**Exercise directions:** Word for word, and with pictures excluded, copy out all the records that follow.

**Dataset records:**
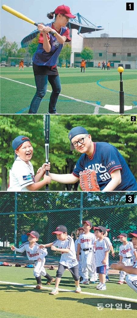 | 넥센의 ‘주부야구특공대’ 회원이 T볼 경기를 하고 있다 ①. 대를 이어 두산(옛 OB) 열혈 팬이 된 이득재 씨(오른쪽)와 아들 동준 군 ②. 구단 초청 이벤트에 참가한 LG 어린이 회원들 ③.김미옥 기자 salt@donga.com·넥센 LG 제공 |
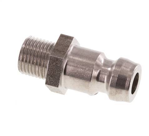 Kupplungsstecker aus Edelstahl DN 6 mit Außengewinde M8x0,75. Sie werden in der Regel für Flüssigkeitsleitungen verwendet, um sichere Verbindungen schnell zu verbinden und zu trennen.
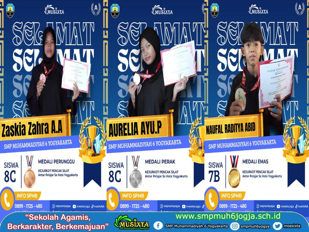 Musixta, Prestasi membanggakan kembali ditorehkan peserta didik SMP Muhammadiyah 6 Yogyakarta. Tidak tanggung-tanggung, 3 Juara direbut yaitu Juara 1, 2 dan 3. Naufal Raditya Abid Al Khalifi, peserta didik kelas 7-B, berhasil meraih Juara 1 (medali emas), Aurelia Ayu Prawesti, peserta didik kelas 8-C, berhasil meraih Juara 2 (medali perak) dan Zaskia Zahra Aulia Aldryna,
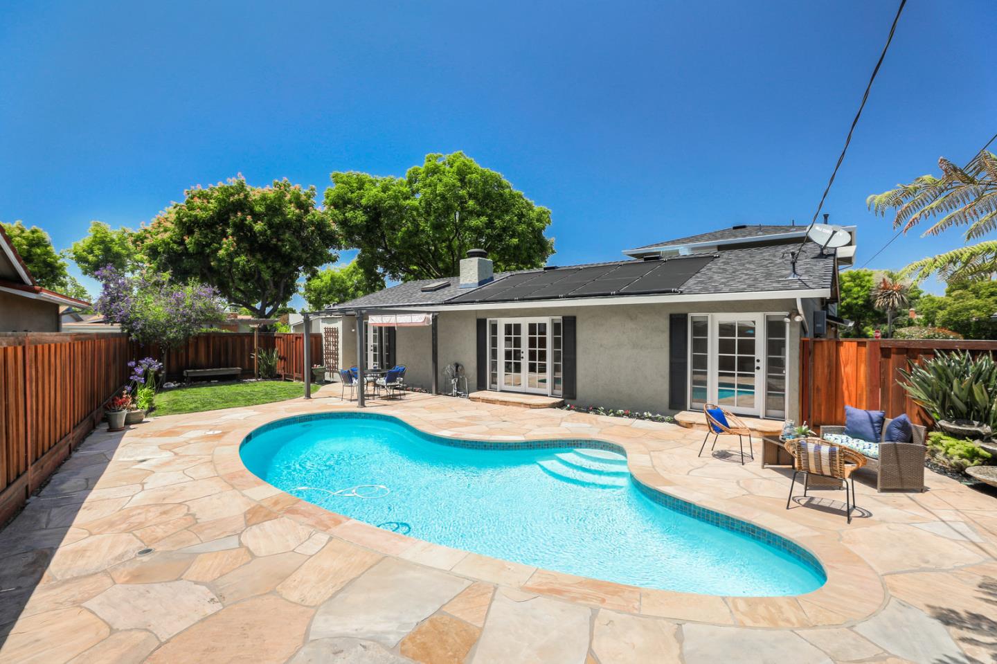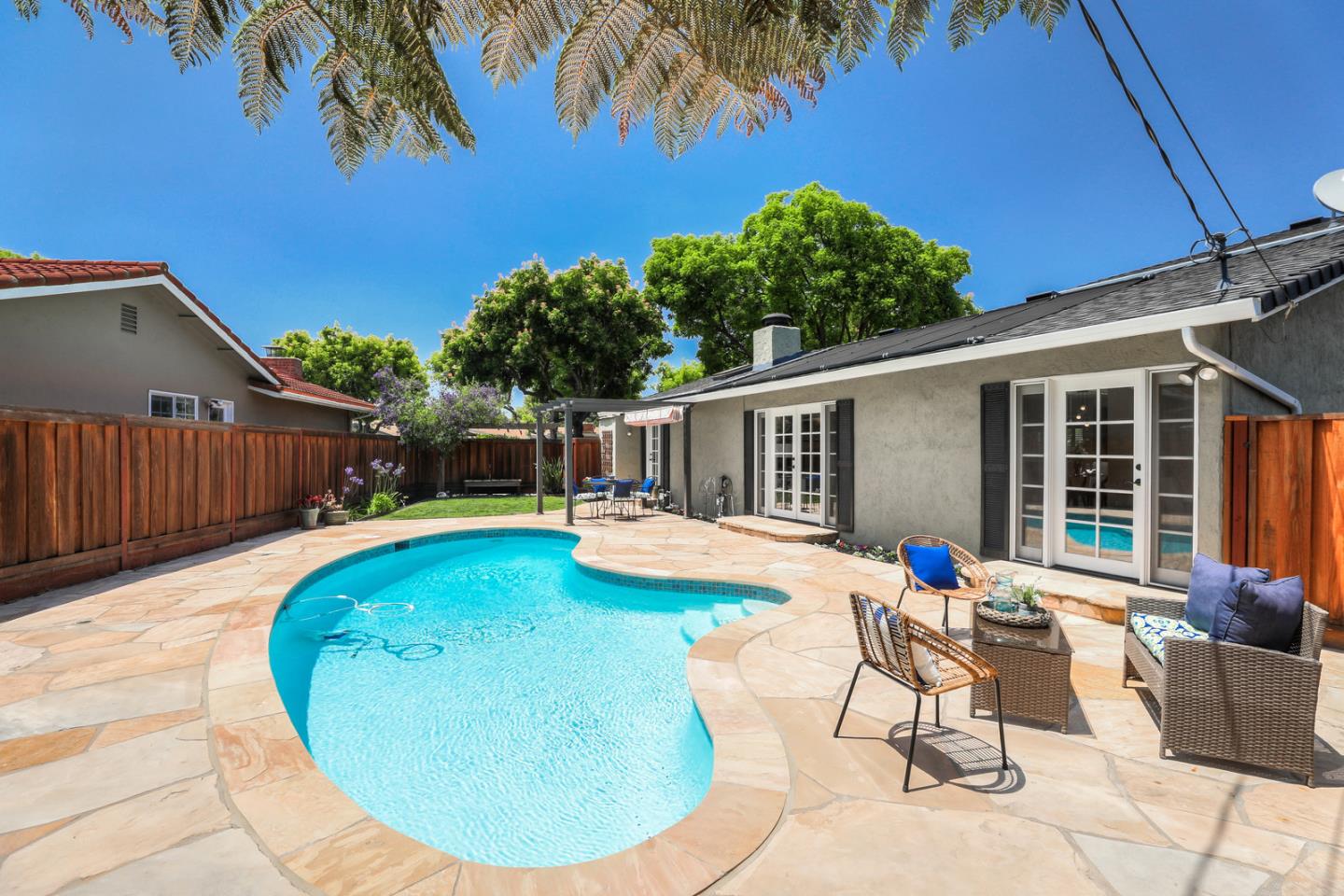 Welcome to this lovely updated 3 Bd/3 Ba home in Sunnyvale's coveted Ponderosa Park neighborhood. Great corner lot home in the heart of Silicon Valley. Stunning private master suite completely updated w/dual sinks, large jacuzzi soaking tub, separate shower, cozy towel warmer, walk-in closet w/built-ins. Beautiful updated kitchen w/cherry cabinets, under cabinet lights, granite counters & high-end appliances. Light & bright open floor plan - perfect for entertaining. Spacious living area w/ tiled flooring & new light fixtures. Double french doors lead to gorgeous pool w/ flagstone patio, bench seating & serene water fountain. Small grass area w/bench, pergola & beautiful plants complete the yard. Professionally landscaped w/auto sprinkler system for front/back/side yards. Ready to move in!! Close to Apple, Google, LinkedIn, Cisco, NASA. Walking distance to Ponderosa Elementary and centrally located to 100's of Restaurants, shopping, fun & entertainment with easy Freeway access.
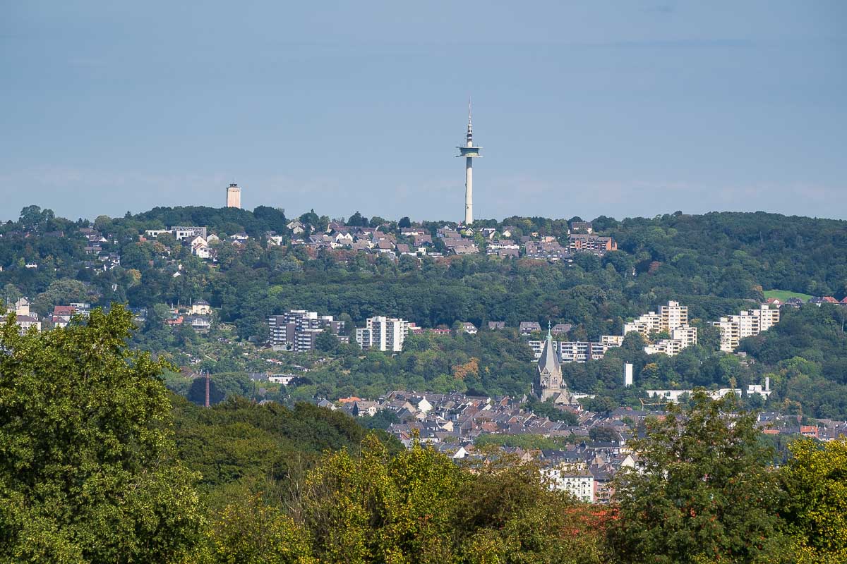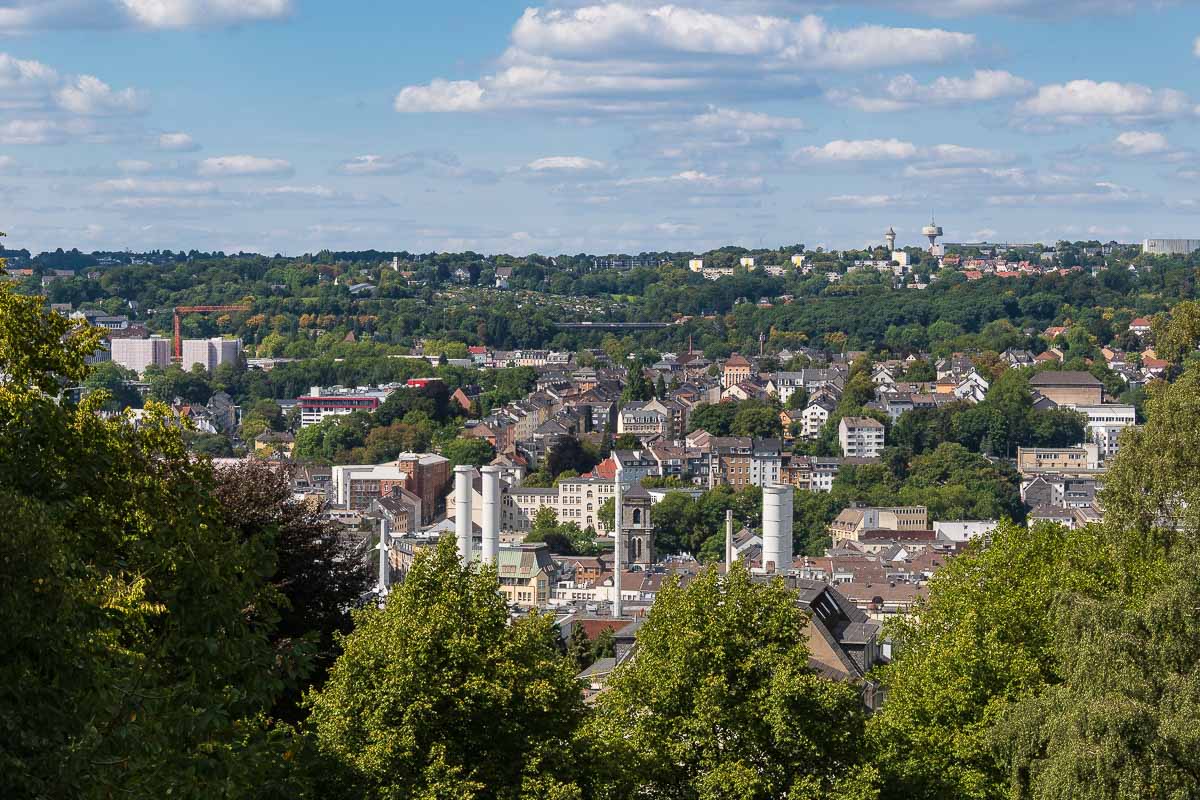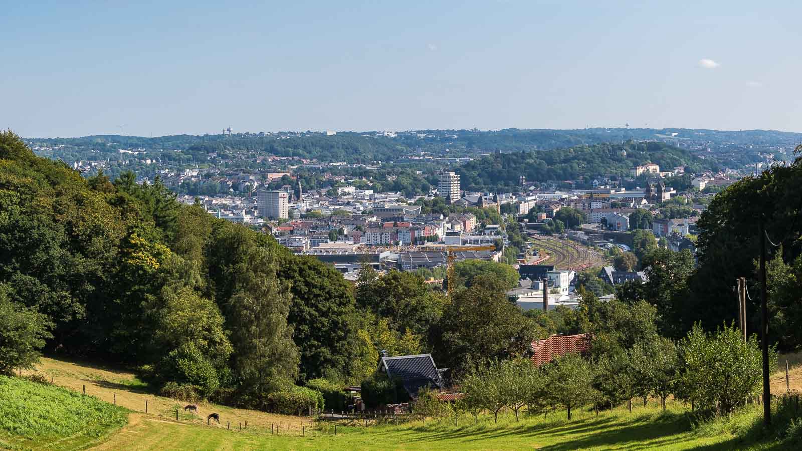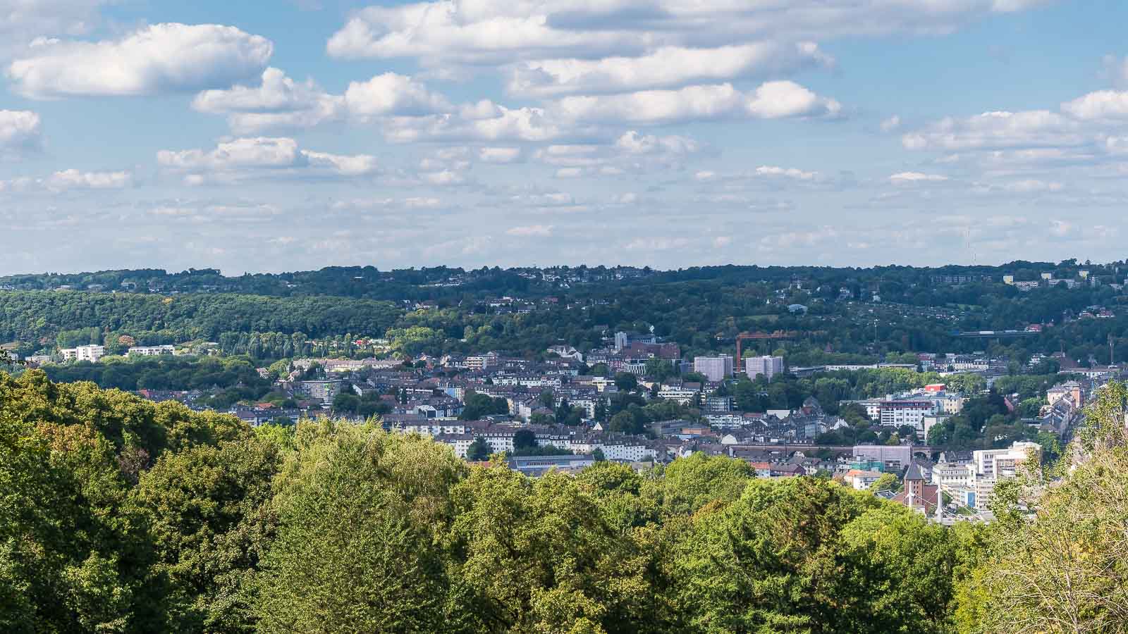 Je höher wie kamen um so mehr verschwand das Rauschen des Verkehrs aus dem viel befahrenen Stadtgebiet im Tal. Auf den Höhen verläuft auch die Samba-Trasse, eine ehemalige Bahnlinie die rund zum Radweg umfunktioniert wurde. Wir wanderten jedoch über breite Waldwege mit gelegentlichen Ausblicken auf Elberfeld und die gegenüberliegende Talseite.
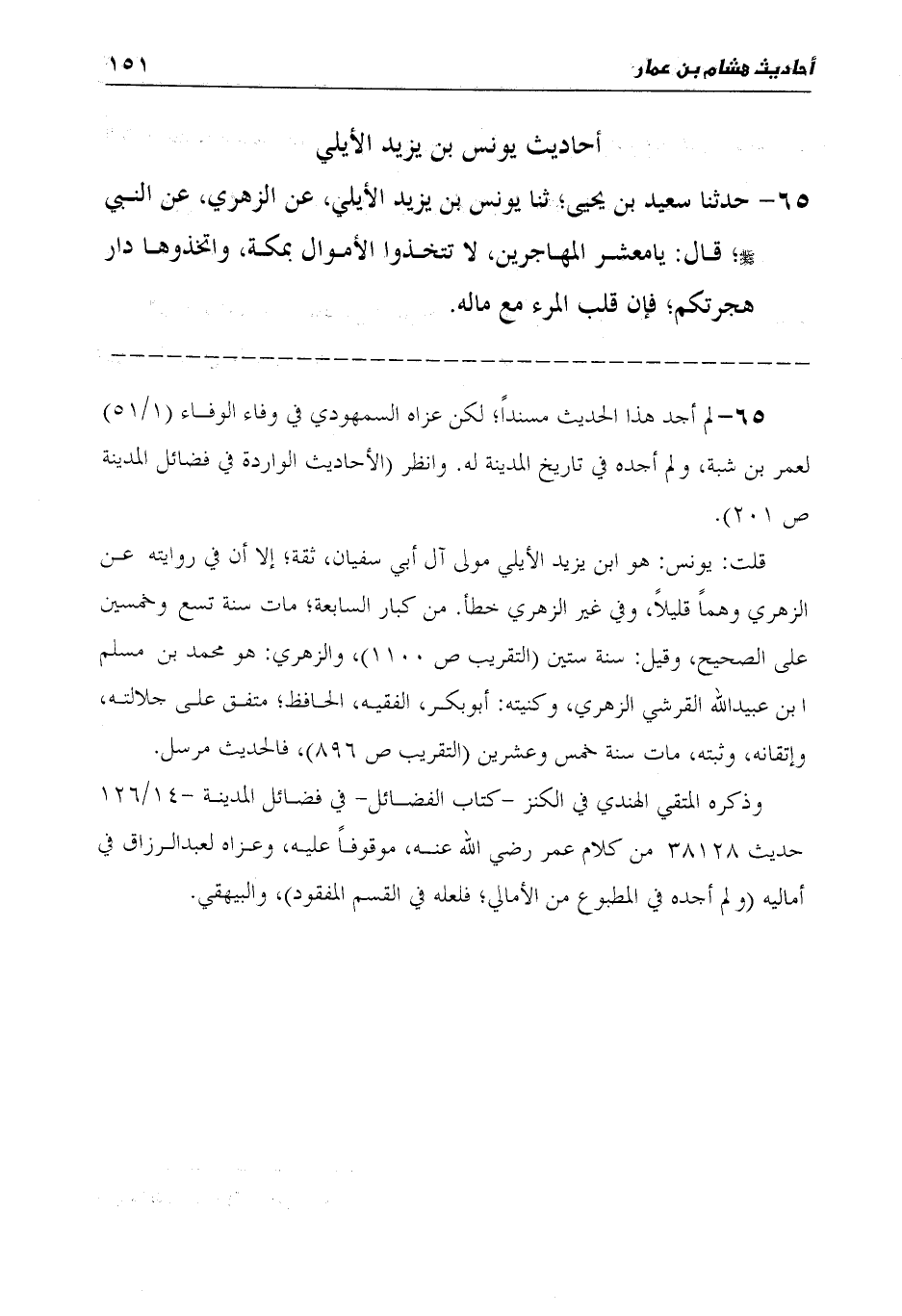 65 - حَدَّثَنَا سَعِيدُ بْنُ يَحْيَى، ثنا يُونُسُ بْنُ يَزِيدَ الْأَيْلِيُّ، عَنِ الزُّهْرِيِّ، عَنِ النَّبِيِّ صَلَّى اللهُ عَلَيْهِ وَسَلَّمَ قَالَ: «يَا مَعْشَرَ الْمُهَاجِرِينَ، §لَا تَتَّخِذُوا الْأَمْوَالَ بِمَكَّةَ، وَاتَّخِذُوهَا دَارَ هِجْرَتِكُمْ، فَإِنَّ قَلْبَ الْمَرْءِ مَعَ مَالِهِ»

**Exercise answer:**
 | 넥센의 ‘주부야구특공대’ 회원이 T볼 경기를 하고 있다 ①. 대를 이어 두산(옛 OB) 열혈 팬이 된 이득재 씨(오른쪽)와 아들 동준 군 ②. 구단 초청 이벤트에 참가한 LG 어린이 회원들 ③.김미옥 기자 salt@donga.com·넥센 LG 제공 |
 Kupplungsstecker aus Edelstahl DN 6 mit Außengewinde M8x0,75. Sie werden in der Regel für Flüssigkeitsleitungen verwendet, um sichere Verbindungen schnell zu verbinden und zu trennen.
 Musixta, Prestasi membanggakan kembali ditorehkan peserta didik SMP Muhammadiyah 6 Yogyakarta. Tidak tanggung-tanggung, 3 Juara direbut yaitu Juara 1, 2 dan 3. Naufal Raditya Abid Al Khalifi, peserta didik kelas 7-B, berhasil meraih Juara 1 (medali emas), Aurelia Ayu Prawesti, peserta didik kelas 8-C, berhasil meraih Juara 2 (medali perak) dan Zaskia Zahra Aulia Aldryna,
 Welcome to this lovely updated 3 Bd/3 Ba home in Sunnyvale's coveted Ponderosa Park neighborhood. Great corner lot home in the heart of Silicon Valley. Stunning private master suite completely updated w/dual sinks, large jacuzzi soaking tub, separate shower, cozy towel warmer, walk-in closet w/built-ins. Beautiful updated kitchen w/cherry cabinets, under cabinet lights, granite counters & high-end appliances. Light & bright open floor plan - perfect for entertaining. Spacious living area w/ tiled flooring & new light fixtures. Double french doors lead to gorgeous pool w/ flagstone patio, bench seating & serene water fountain. Small grass area w/bench, pergola & beautiful plants complete the yard. Professionally landscaped w/auto sprinkler system for front/back/side yards. Ready to move in!! Close to Apple, Google, LinkedIn, Cisco, NASA. Walking distance to Ponderosa Elementary and centrally located to 100's of Restaurants, shopping, fun & entertainment with easy Freeway access.
 Je höher wie kamen um so mehr verschwand das Rauschen des Verkehrs aus dem viel befahrenen Stadtgebiet im Tal. Auf den Höhen verläuft auch die Samba-Trasse, eine ehemalige Bahnlinie die rund zum Radweg umfunktioniert wurde. Wir wanderten jedoch über breite Waldwege mit gelegentlichen Ausblicken auf Elberfeld und die gegenüberliegende Talseite.
 65 - حَدَّثَنَا سَعِيدُ بْنُ يَحْيَى، ثنا يُونُسُ بْنُ يَزِيدَ الْأَيْلِيُّ، عَنِ الزُّهْرِيِّ، عَنِ النَّبِيِّ صَلَّى اللهُ عَلَيْهِ وَسَلَّمَ قَالَ: «يَا مَعْشَرَ الْمُهَاجِرِينَ، §لَا تَتَّخِذُوا الْأَمْوَالَ بِمَكَّةَ، وَاتَّخِذُوهَا دَارَ هِجْرَتِكُمْ، فَإِنَّ قَلْبَ الْمَرْءِ مَعَ مَالِهِ»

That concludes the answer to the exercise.